During the time we spent observing the operations of the courts, we saw these factors result in cases being adjourned.

It is also possible that one or other court participants may not want a case to proceed quickly. A criminal defendant might want to delay their sentencing for as long as possible (or for a specific time). For example, when a drink driver is sentenced they immediately lose their driver's licence. If they can delay sentencing, they delay the loss of their licence.
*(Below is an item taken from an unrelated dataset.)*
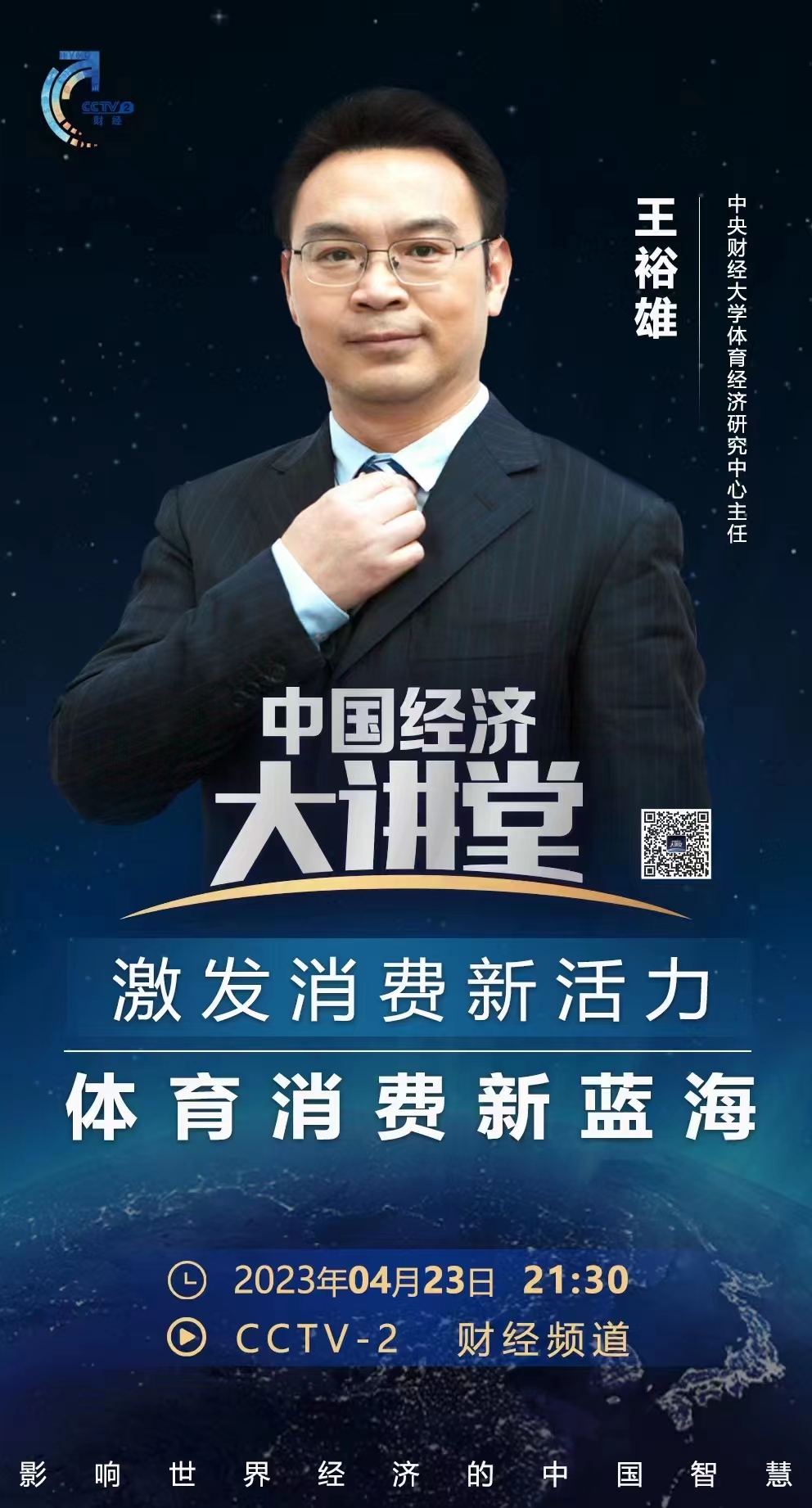 今晚21:30,公司王裕雄教授做客CCTV-2财经频道《中国经济大讲堂》大型专题栏目,为大家解析《体育消费新蓝海》,敬请关注!

* As well as the parties to the proceedings (such as defendants/the accused, and, for civil cases, plaintiffs), many other entities or individuals are involved with each case coming before the court. We refer to these entities and individuals as "court participants". These participants include witnesses, the judiciary, lawyers, the Police, Crown prosecutors, the Legal Services Agency, the Department of Corrections, and court staff. Not all types of court participant are actively involved in each case.

1.21
We interviewed staff at the Ministry's national office and court staff in the Auckland, Christchurch, and Wellington regions. This enabled us to hear staff experiences and understand their roles. We spoke separately with representatives from the judiciary, the Police Prosecution Service, the Police, Department of Corrections, Legal Services Agency, the Law Commission, Crown Law Office, and the Auckland branch of the New Zealand Law Society. These interviews enabled us to look at the consistency of what the Ministry told us, what we saw, and what court participants told us.

1.22
We then acquired information on, and observed, systems and processes the Ministry uses to support the courts in managing workload pressures.

1.23
In assessing how well the Ministry was planning to manage future court workloads (see Part 3), we first sought to understand current and expected court workloads. We did this by reviewing statistical information on court workloads and performance, and by talking to court participants. We then examined the Ministry's plans for supporting court workload planning, before discussing these plans with other members of the justice sector (to test their awareness of the plans and to hear their views about the plans).

1.24
To test how the Ministry interacts with the justice sector, we reviewed minutes from meetings held by the Ministry with court participants and other members of the sector. We then spoke with people from groups involved with the justice sector and courts to hear what they had to say about their working relationship with the Ministry.

1.25
For our findings about how well the Ministry communicates the level of court workloads, we assessed the consistency of information that is reported in internal and external documents. We also considered how the reported information aligned with the information we reviewed during the course of our audit.

1.26
We checked whether the information aligned with our expectations, set out at the start of Parts 2 and 3. Our analysis of whether the Ministry met our audit expectations is the basis for our judgement on how effectively and efficiently the Ministry is supporting the management of court workloads.

What we did not audit

1.27
We did not review the performance of the judiciary or any other participant in the justice sector other than the Ministry. We did not assess courts or tribunals other than the civil and criminal jurisdictions in the High Court and District Courts. We did not audit activities carried out by Ministry staff acting on the directions of the judiciary.


2: Ministry of Justice (2008) Briefing to Incoming Minister: Vote Courts, page 10.

3: Ministry of Justice (2008) Briefing to Incoming Minister: Vote Courts, page 11.

4: The judiciary, executive, and legislature are the three branches of government. The constitutional doctrine of separation of powers requires independence between the three branches as a check on government power.

5: Ministry of Justice (2004) Report of the Ministry of Justice Baseline Review, page 12.

6: Courts "dispose" of cases in a variety of ways. For example, by reaching a verdict or when a charge is withdrawn.

7: The number of cases coming before Associate judges showed a significant increase as well. This is discussed in more detail in the Appendix because the overall numbers involved were lower than those of the criminal summary jurisdiction.